Locale awareness

When you use software that is still under development you can’t expect troublefree operation for 100% of all possible use-cases. Software has bugs. Some software has lots of bugs.

Bugs come in several varieties. Plain nuisances, security critical, and those caused by unforgivable stupidity and arrogance.

Building and distributing an application for Debian that is not locale aware falls under the last category. I mean utf-8 has been an officially supported locale since what – Sarge?

I do a lot of javascripting and I hate having to build a test-site just to give a quick hack the once over. So I went and installed smjs from the Debian repos.

smjs is what one might loosely term a shellwrapper around Mozilla’s SpiderMonkey javascript engine. Depending on the parameters you pass it on startup it will either run as an interactive process which you can use as a sort of javascript REPL, or it will simply work as part of a pipe, where it reads from stdin and writes to stdout or file. You can also pass it a file with javascript for execution.

Currently I work on a bash script that lets me use Twitter from the commandline or from within a Vim buffer. A script that goes beyond the mindless curl one-liners that are splattered all over the blogosphere. Web 2.0 for the text pistols so to speak.

Twitter offers 4 reply formats, namely JSON, XML, RSS and Atom. Of the four only JSON is available for all methods of Twitter’s API. Hence I chose it. Parsing JSON objects in javascript is a no-brainer, because they evaluate to an array over which a script can loop without much further ado.

Twitter is run by an internationally inclined bunch of smart piglets and uses utf-8 encoding on everything it does. Great, I thought, I use Debian with a utf-8 locale, so Twitter’s encoding suits me fine.

My bash script does all sorts of neat little tricks and pulling in a friends_timeline is one of the easier chores you can task it with. The scripts flow for a timeline looks like this:

  1. tell curl to get the timeline
  2. build a javascript from several snippets and the returned JSON
  3. pipe said script to smjs which parses the JSON and writes formatted text to stdout

It worked beautifully first time round except for one really ugly flaw. Because smjs is not locale aware it returns garbage for all characters above iso-8859-1.

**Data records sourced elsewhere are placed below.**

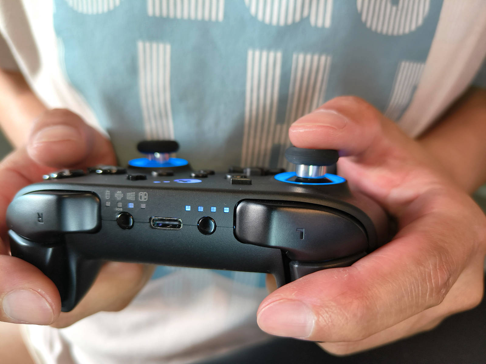 手柄顶部还配备有USB-C充电口及切换平台的四模式独立按键,支持有线、无线以及蓝牙连接。谷粒金刚3Pro还可以在PC、Switch、安卓、iOS、macOS以及Switch等多个平台上自由使用,无需任何插件,即插即用。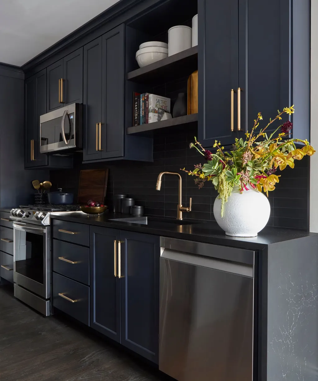 الأسود خيار جريء لكنه فعّال. بدل محاولة “تكبير” المطبخ بالألوان الفاتحة، يفضل بعض المصممين احتضان صغر المساحة ومنحها طابعًا دراميًا أنيقًا. الأسود يخلق تأثيرًا بصريًا قويًا، خاصة عند تنسيقه مع رخام أبيض أو لمسات معدنية دافئة.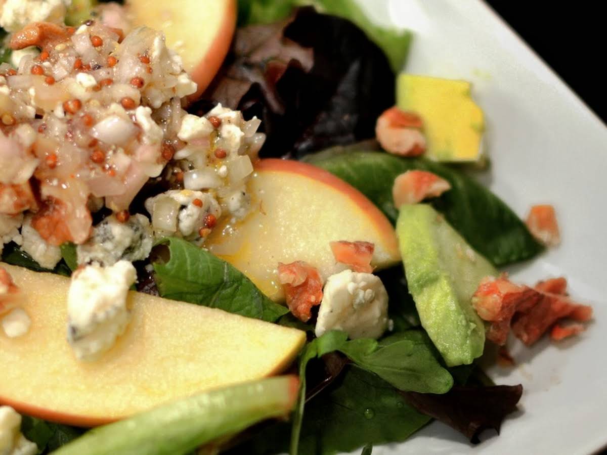 Blue Cheese Pear And Walnut Salad With Warm Bacon Dressing
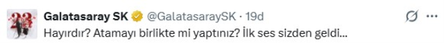 GALATASARAY'DAN FENERBAHÇE'NİN PAYLAŞIMINA CEVAPFenerbahçe'nin bu paylaşımın ardından ise Galatasaray cephesinden cevap gecikmedi. Sarı-lacivertlilerin yaptığı paylaşımı alıntılayan sarı-kırmızılı kulüp, paylaşımda "Hayırdır? Atamayı birlikte mi yaptınız? İlk ses sizden geldi…" ifadelerini kullandı..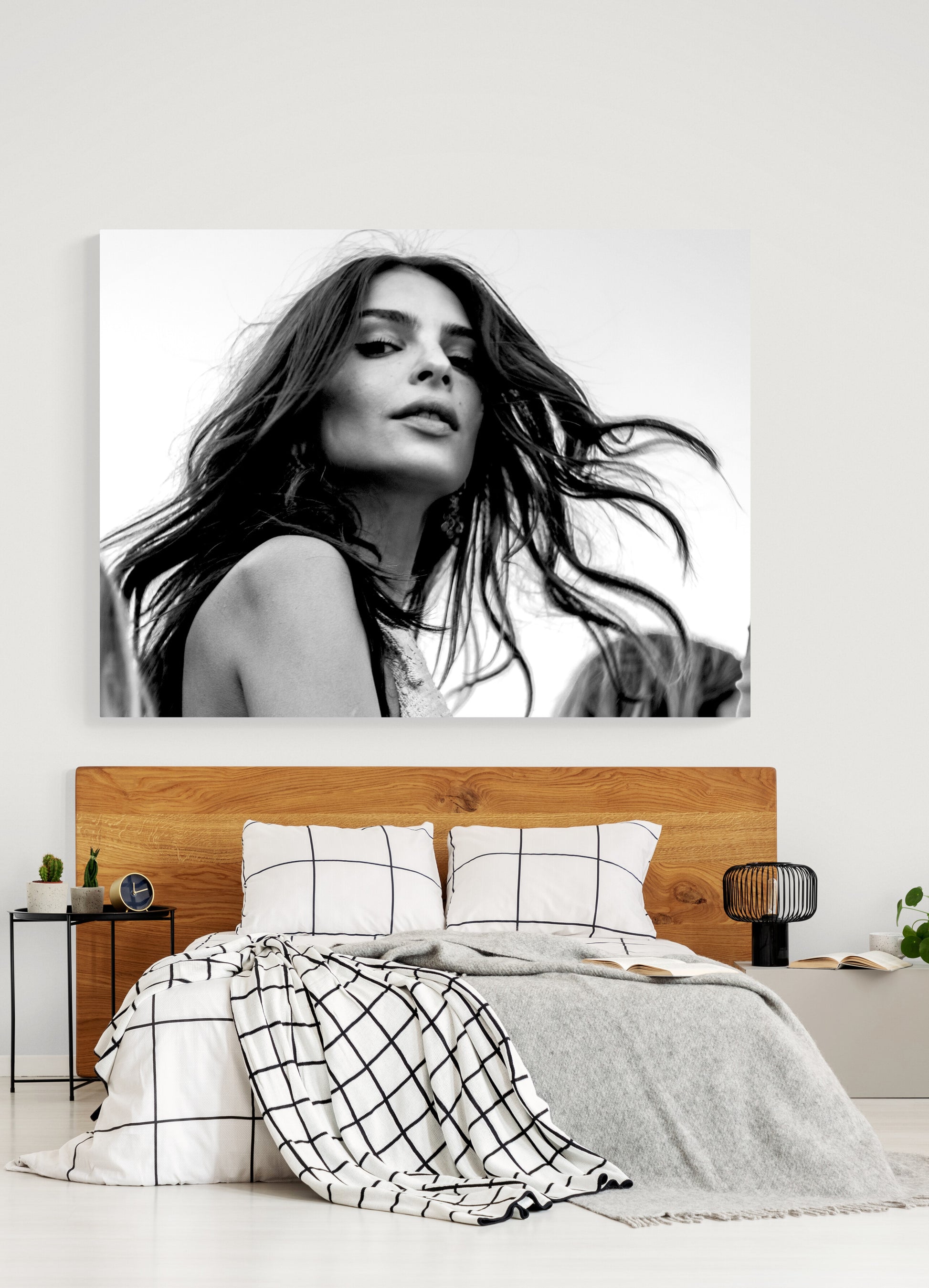 On adore ce portrait d'Emily Ratajkowski, connue sous le pseudonyme Emrata, capturé lors de la soirée Kérastase au Port Debilly à Paris en 2019. La photo dépeint la beauté naturelle et le charisme d'Emrata, avec ses cheveux tourbillonnants dans la brise légère, une incarnation de liberté et de spontanéité. Cette photo peut enrichir n'importe quel espace, ajoutant une incontestable dimension glamour.

When used in a terminal or console it returned text littered with those reverse-video question marks which are a sure sign of an encoding mismatch. When I pulled its output into a Vim buffer, which does transliteration on the fly, it gave me umlauts and other German oddities which are in iso-8859-1, but flopped on € or the curly quotes which all those twittering journalists seem to love so much.

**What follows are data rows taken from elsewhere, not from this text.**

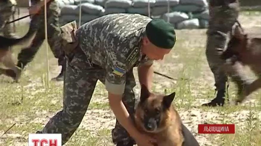 Два десятки службових собак з Львівщини готують для розмінування територій на Донбасі. Прикордонники-кінологи зі своїми службовими собаками мають невдовзі поїхати у зону антитерористичної операції і нині вони переучують своїх підопічних шукати не наркотики, а вибухівку.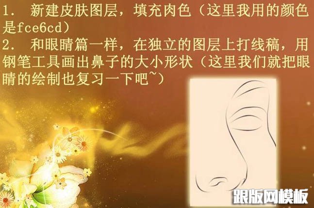 鼻子是面部比较重要的器官,直接影响人物的容貌。因此鼠绘的时候一定要注意好鼻子的比例及细节刻画。这样才能画出完美的人物。 最终效果鼻子的结构图。#p#副标题#e#1、新建一个大小适当的文档。背景填充皮肤色:#fce6cd。 2、新建一个...
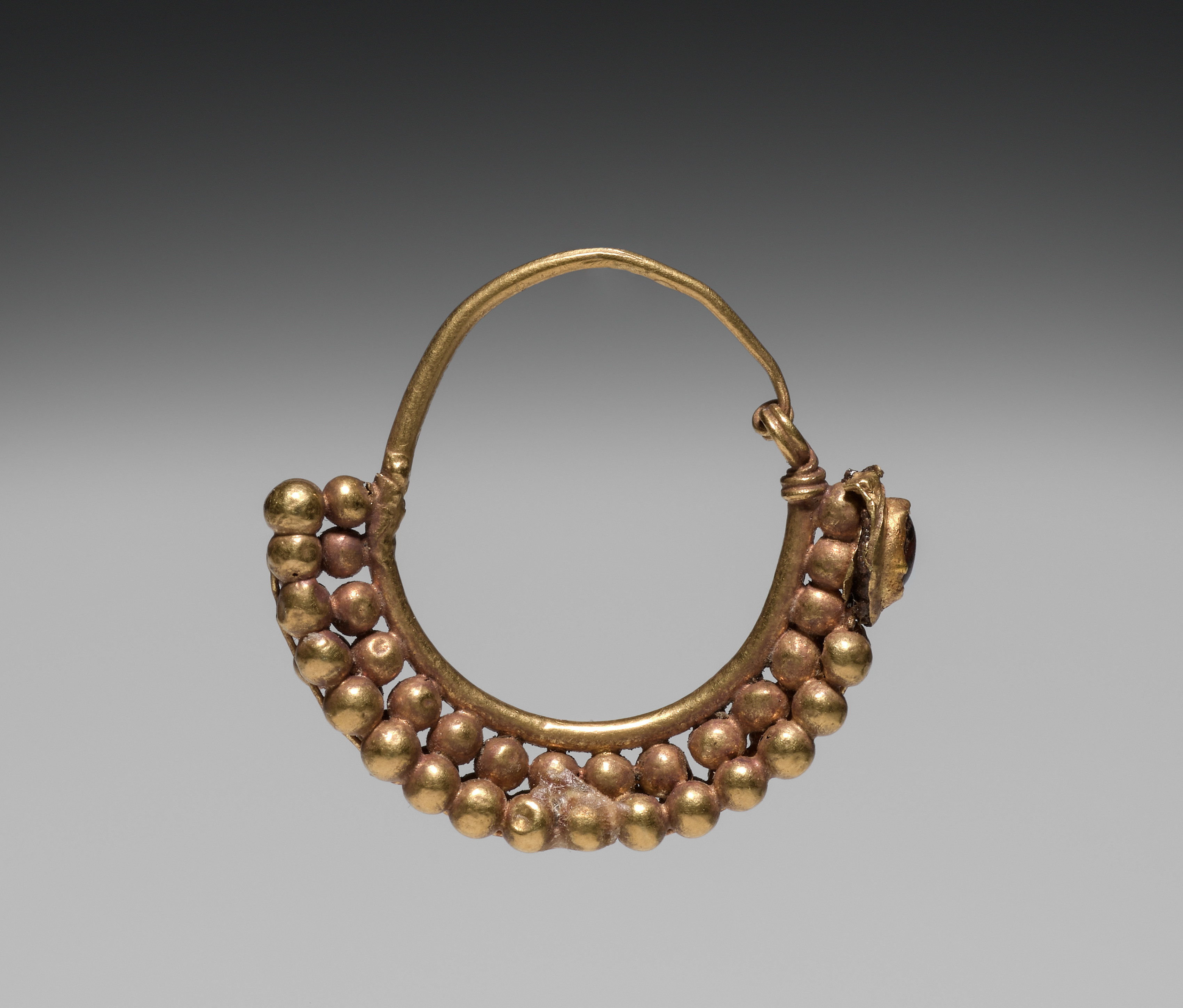 Gold earring, one of a pair, consisting of a thin metal hoop with a hinged opening and a latch at the end. The lower portion of the hoop is adorned with two rows of small granulated gold beads. The background of the image transitions from dark gray at the top to light gray at the bottom.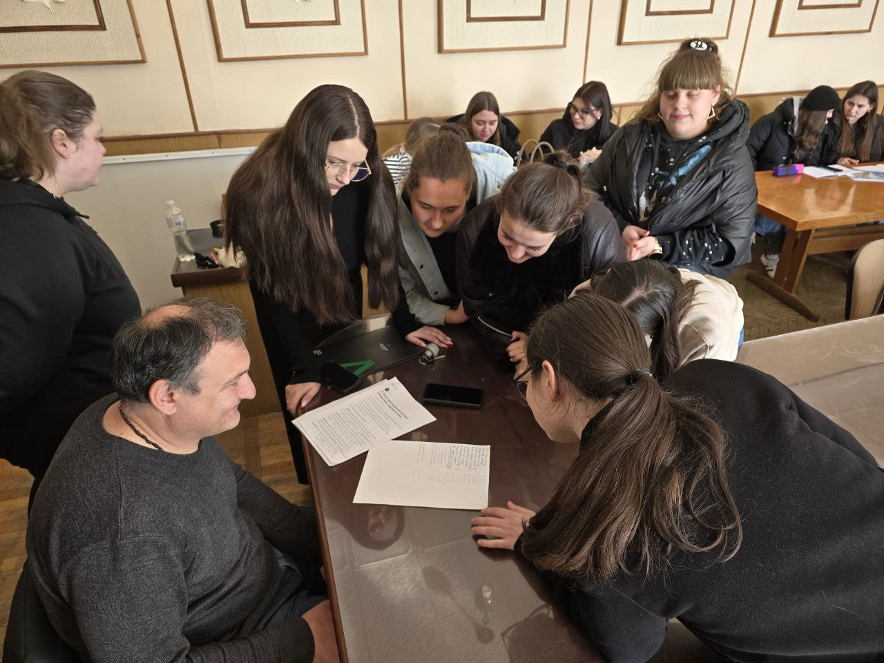 Здобувачі третього (освітньо-наукового) рівня вищої освіти 2-го року навчання спеціальності 033 «Філософія» завершили проходження науково-педагогічної практики, передбаченої освітньою складовою програми підготовки докторів філософії у розмірі 3 кредитів ЄКТС, яка тривала з 24 березня по 11 квітня 2025 р. Індивідуальний план проходження практики включав навчальну, методичну, науково-дослідну та організаційно-виховну роботу як основні види діяльності науково-педагогічних працівників ЗВО. Практиканти знайомились з нормативними документами, метою, завданнями, змістом, структурою і особливостями організації освітнього процесу у педагогічному середовищі, зокрема на кафедрі. Значна увага була приділена вивченню і аналізу педагогічного досвіду викладачів кафедри та проведенню навчальних занять. Особливі акценти зроблено на відкритих лекціях, практичних, виховних заходах, що були проведені на різних факультетах. Наприклад, Сергій Карастан «Історія філософської думки Стародавнього Сходу» (1 курс, факультет іноземних мов; ОК «Філософія»); Ігор Усатюк та Степан Барков працювали зі студентами факультету початкового навчання, розглядали теми «Основні форми мислення: поняття», «Основні форми мислення: судження» (2 курс, ВК «Логіка»). Серед найбільш цікавих виховних заходів слід відзначити вікторину «Сторінками історії України» та «Українська пісня – душа нашого народу» (Ігор Усатюк), факультет початкового навчання. Аспіранти відвідували засідання студентських наукових гуртків кафедри, наприклад, Олександр Крохмаль, Олег Кубаш, Олександр Гондельберг взяли участь у засіданні гуртка «Південноукраїнські наукові студії». Всі практиканти працювали в лабораторії «Інновацій соціокультурних досліджень», виконували індивідуальні науково-дослідницькі завдання. Завершенням блоку науково-дослідницької роботи був виступ на науково-методологічному семінарі кафедри за темою власного наукового дослідження та підготовка тез доповіді на кафедральну Інтернет-конференцію здобувачів вищої освіти і молодих учених «Освіта та соціалізація особистості», яка відбудеться 24-25 квітня 2025 року. Сергій Карастан та Ігор Усатюк взяли участь у Міжнародному науково-практичному форумі «Відновлення України: Міжгалузевий теоретико-прикладний аналіз та потенціали розвитку» (МГУ, ЗВО-партнер). Всі долучалися також до різних заходів, як-от, гостьова лекція «Цифровий добробут — елемент сучасної культури» (доц. Ольга Нестерова, НТУ «Дніпровська політехніка», ЗВО-партнер); комунікативні зустрічі Частини І «The democratic context of research and higher education in Europe» Eurodoc Ambassador Programme for Values and Democracy in European Research and Higher Education (ValDem); вебінар «Українська мова в житті, роботі й проєктах: практичні поради для дорослих» (Rozmova Space та ВГО «Сила країни»), круглий стіл з фахівцями Головного управління статистики (ГУС) в Одеській області. Результати практики заслухано та обговорено на звітній конференції у формі захисту аспірантами звітів практики, що відображено у протоколі засідання кафедри.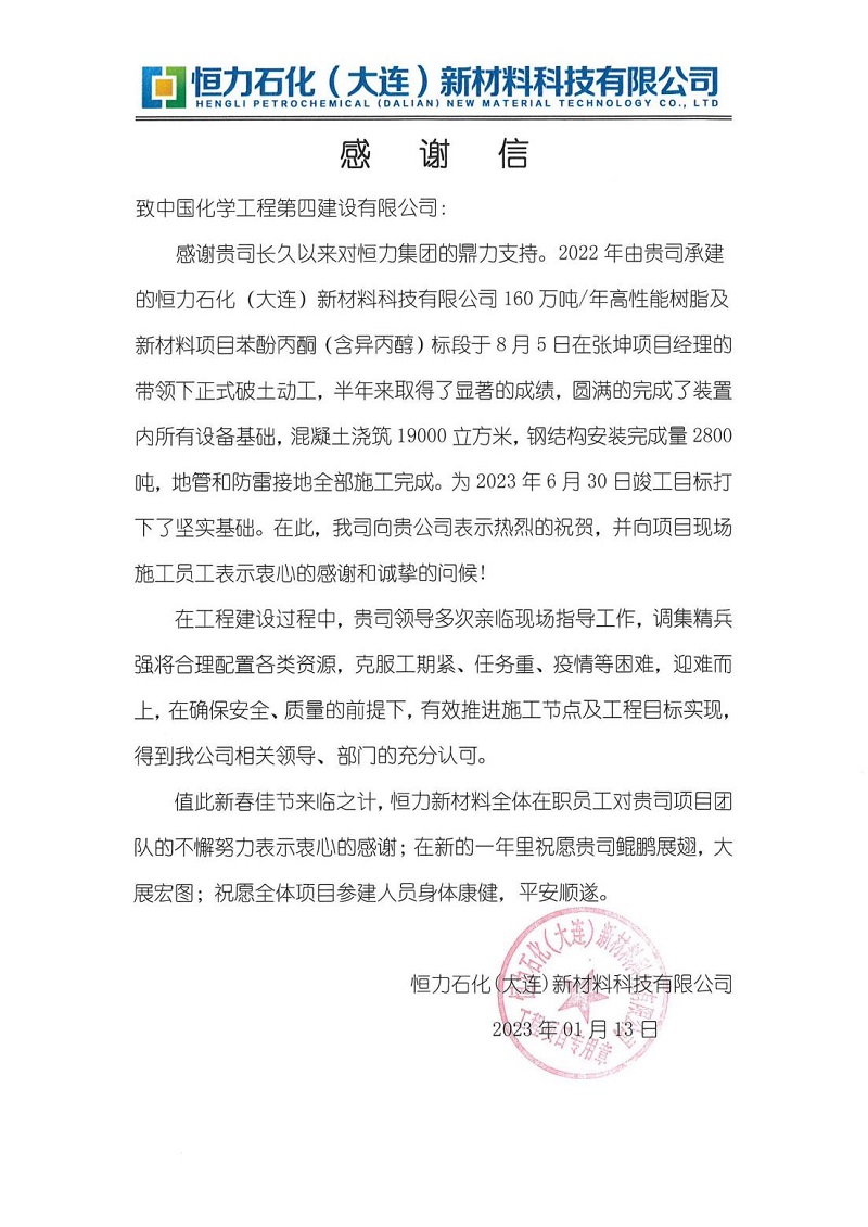 近日,東北公司收到恒力石化(大連)新材料科技有限公司發來的感謝信,對東北公司承建的苯酚丙酮裝置工作給予高度肯定,并對項目現場施工員工的辛勤付出表示感謝。

Nobody is perfect. Before I snap at somebody I always check my own work first. Maybe I had made a mistake somewhere? Like passing a bad substring to the script or whatever.

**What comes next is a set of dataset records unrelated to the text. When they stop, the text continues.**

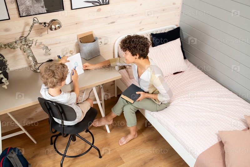 Молодая мать с книгой сидит на кровати рядом со столом, где ее сын показывает фотографию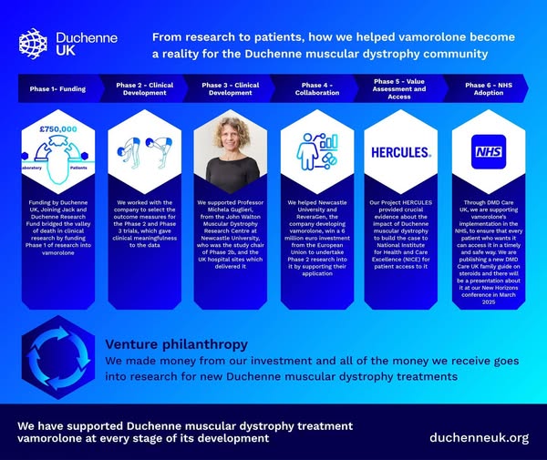 Many of you have donated to us many times before and we are so grateful for all the support we have received over the years. The money you have given really has made a difference! Over the last two years, 2 new drugs to treat DMD have become available. @duchenneuk (using the money raised from the Dash) has been the driving force behind these developments and this has only been possible from the donations it receives. This infographic shows the many stages of the process to get Vamorolone, an alternative to steroids, implemented by the NHS. This is the work that goes on every single day by Duchenne UK to try to improve the lives of those living with Duchenne. While there is still no cure for Duchenne, there is now a drug called Givinostat which has been proven to slow the progression of the disease. Unfortunately, even though this medicine should be available to all, it isn’t yet. Duchenne UK is working around the clock to support families, work with NHS Trusts and lobby MPs so that more boys with Duchenne can access this drug. By feeding into a large and powerful charity, we can ensure that your donations have the biggest impact. And this is why we ride to Paris again in just 3 days. For Connor and boys like him. If you are able to support us again, the link is in the bio. Please look out for updates on how our journey to Paris is going on our socials across the weekend 💙 musculardystrophy #duchenneawareness #connorcrawford #endduchenne #londontoparisin24hours #charity #fundraising #duchennedash #cycling #chasingconnorscure #raredisease #nevergivingup #fightingforacureforms (fb)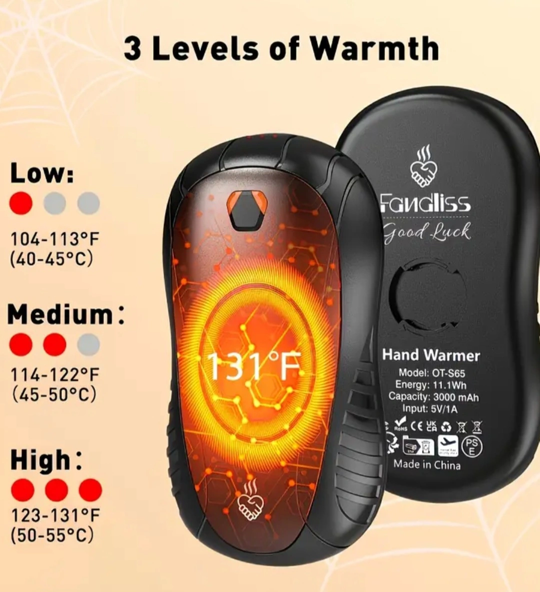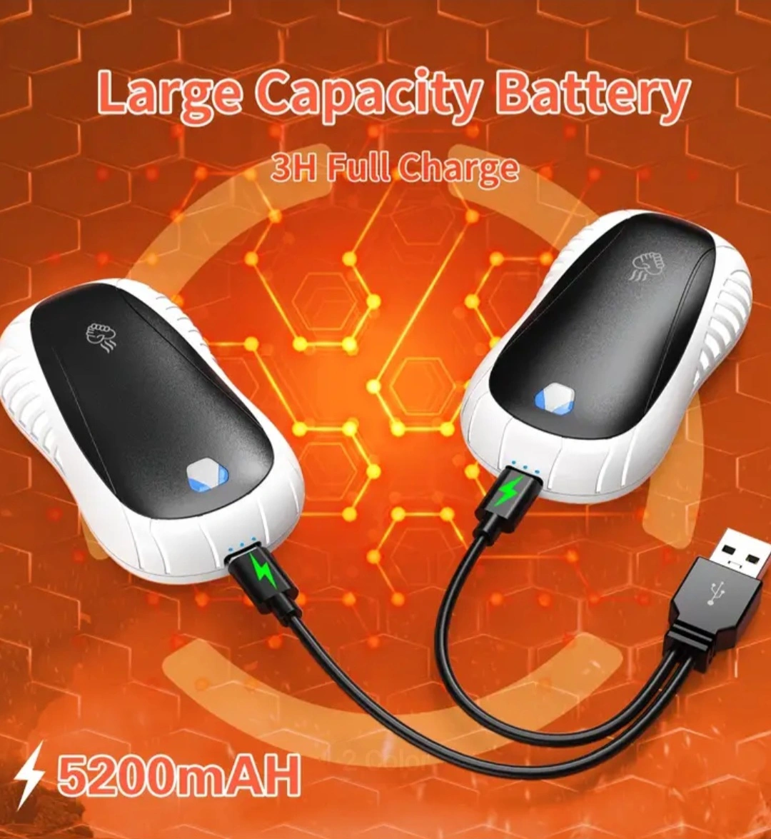 188Rechargeable hand warmers, 2 pack. 3 heat modes 13 hours Long-lasting warmth heat 5200 mAh battery. Includes USB cable charger color Black

Well – SpiderMonkey is Mozilla’s javascript engine and runs in Iceweasel the Firefox clone that ships with Debian. The ideal testbed.

So I changed the script to something that could be loaded into a webpage and fed it to Iceweasel from a local html file. Hey presto – even the weirdest outlandish characters were rendered in all their splendour. No reverse-video question marks or unwanted transliterations.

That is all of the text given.